Question

a) when 2 moles of potassium carbonate and 1 mole of calcium chloride are combined is a limiting reagent and is a reagent in excess.
b) when 0.0375 mole of potassium carbonate and 0.122 mole of calcium chloride are combined is a limiting reagent and is a reagent in excess.

Explanation:

Step1: Write the balanced chemical equation

The reaction between potassium carbonate ($K_2CO_3$) and calcium chloride ($CaCl_2$) is $K_2CO_3 + CaCl_2=CaCO_3\downarrow + 2KCl$. The mole - ratio of $K_2CO_3$ to $CaCl_2$ is 1:1.

Step2: Determine limiting and excess reagents for part a

Given 2 moles of $K_2CO_3$ and 1 mole of $CaCl_2$. According to the 1:1 mole - ratio, for every 1 mole of $CaCl_2$, 1 mole of $K_2CO_3$ reacts. Since we have 1 mole of $CaCl_2$, it will react with 1 mole of $K_2CO_3$. So, $CaCl_2$ is the limiting reagent and $K_2CO_3$ is the reagent in excess.

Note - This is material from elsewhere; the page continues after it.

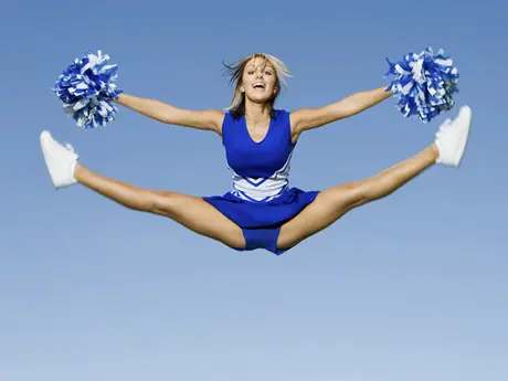 There is no sport that doesn't benefit from warm and flexible muscles, and for cheerleaders, it's crucial. Stretching for increased flexibility can be done every day for about ten minutes and a good warm-up that begins with dynamic movements like jumping jacks and ends with static stretches (no bouncing!) is an absolute must before practicing or performing. Always stretch afterwards, too.

Step3: Determine limiting and excess reagents for part b

Given 0.0375 mole of $K_2CO_3$ and 0.122 mole of $CaCl_2$. According to the 1:1 mole - ratio, 0.0375 mole of $K_2CO_3$ will react with 0.0375 mole of $CaCl_2$. Since 0.0375 < 0.122, $K_2CO_3$ is the limiting reagent and $CaCl_2$ is the reagent in excess.

Answer:

a) $CaCl_2$, $K_2CO_3$
b) $K_2CO_3$, $CaCl_2$